*** Opening of Data for analysis ***

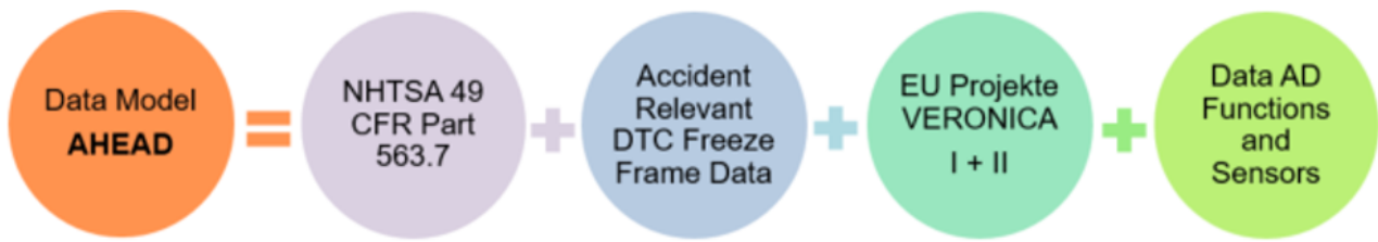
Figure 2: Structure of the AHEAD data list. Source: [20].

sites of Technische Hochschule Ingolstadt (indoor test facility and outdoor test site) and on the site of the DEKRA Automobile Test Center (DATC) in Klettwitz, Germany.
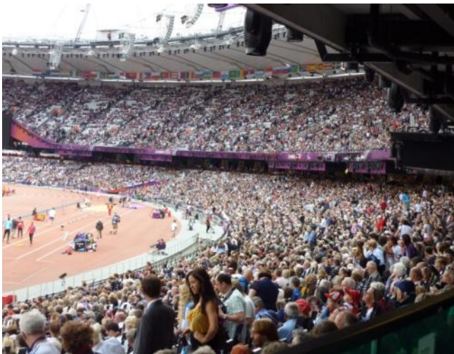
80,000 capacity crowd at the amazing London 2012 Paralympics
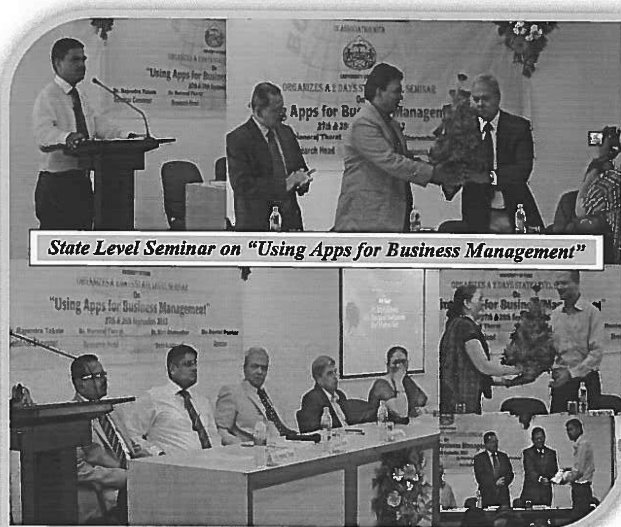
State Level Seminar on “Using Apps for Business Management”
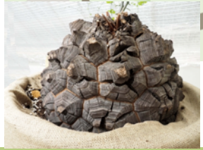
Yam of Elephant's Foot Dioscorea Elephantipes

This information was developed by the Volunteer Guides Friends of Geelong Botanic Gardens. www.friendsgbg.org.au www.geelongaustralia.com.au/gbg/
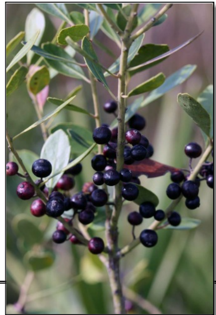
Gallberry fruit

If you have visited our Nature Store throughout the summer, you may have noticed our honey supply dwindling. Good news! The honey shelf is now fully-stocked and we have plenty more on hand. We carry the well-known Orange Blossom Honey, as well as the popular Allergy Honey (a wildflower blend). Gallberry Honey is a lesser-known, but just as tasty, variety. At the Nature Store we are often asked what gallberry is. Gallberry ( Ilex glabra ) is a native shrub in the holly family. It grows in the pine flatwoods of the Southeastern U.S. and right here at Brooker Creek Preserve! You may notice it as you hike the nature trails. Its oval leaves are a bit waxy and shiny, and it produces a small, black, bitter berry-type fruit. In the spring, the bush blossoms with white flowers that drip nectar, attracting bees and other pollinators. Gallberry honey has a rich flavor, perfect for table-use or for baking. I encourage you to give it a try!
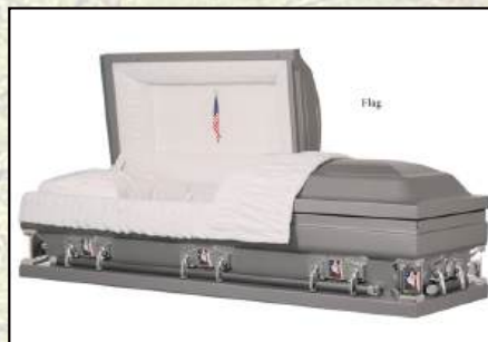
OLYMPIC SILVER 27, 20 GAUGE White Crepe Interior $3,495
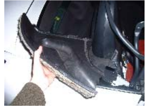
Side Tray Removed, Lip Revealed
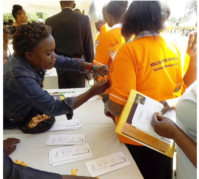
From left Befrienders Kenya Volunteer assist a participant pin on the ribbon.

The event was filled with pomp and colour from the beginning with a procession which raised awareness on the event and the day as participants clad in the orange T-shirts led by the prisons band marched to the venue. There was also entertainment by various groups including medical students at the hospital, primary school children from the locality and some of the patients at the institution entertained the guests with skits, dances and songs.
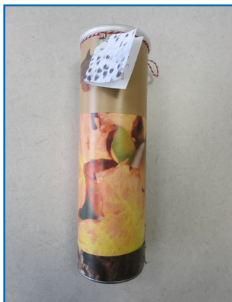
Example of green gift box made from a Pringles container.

*** Close of Data for analysis ***

* [Required action]: Only the pictures should be left out; write out everything else in the records exactly.

* [Your response]:
Figure 2: Structure of the AHEAD data list. Source: [20].

sites of Technische Hochschule Ingolstadt (indoor test facility and outdoor test site) and on the site of the DEKRA Automobile Test Center (DATC) in Klettwitz, Germany.
80,000 capacity crowd at the amazing London 2012 Paralympics
State Level Seminar on “Using Apps for Business Management”
Yam of Elephant's Foot Dioscorea Elephantipes

This information was developed by the Volunteer Guides Friends of Geelong Botanic Gardens. www.friendsgbg.org.au www.geelongaustralia.com.au/gbg/
Gallberry fruit

If you have visited our Nature Store throughout the summer, you may have noticed our honey supply dwindling. Good news! The honey shelf is now fully-stocked and we have plenty more on hand. We carry the well-known Orange Blossom Honey, as well as the popular Allergy Honey (a wildflower blend). Gallberry Honey is a lesser-known, but just as tasty, variety. At the Nature Store we are often asked what gallberry is. Gallberry ( Ilex glabra ) is a native shrub in the holly family. It grows in the pine flatwoods of the Southeastern U.S. and right here at Brooker Creek Preserve! You may notice it as you hike the nature trails. Its oval leaves are a bit waxy and shiny, and it produces a small, black, bitter berry-type fruit. In the spring, the bush blossoms with white flowers that drip nectar, attracting bees and other pollinators. Gallberry honey has a rich flavor, perfect for table-use or for baking. I encourage you to give it a try!
OLYMPIC SILVER 27, 20 GAUGE White Crepe Interior $3,495
Side Tray Removed, Lip Revealed
From left Befrienders Kenya Volunteer assist a participant pin on the ribbon.

The event was filled with pomp and colour from the beginning with a procession which raised awareness on the event and the day as participants clad in the orange T-shirts led by the prisons band marched to the venue. There was also entertainment by various groups including medical students at the hospital, primary school children from the locality and some of the patients at the institution entertained the guests with skits, dances and songs.
Example of green gift box made from a Pringles container.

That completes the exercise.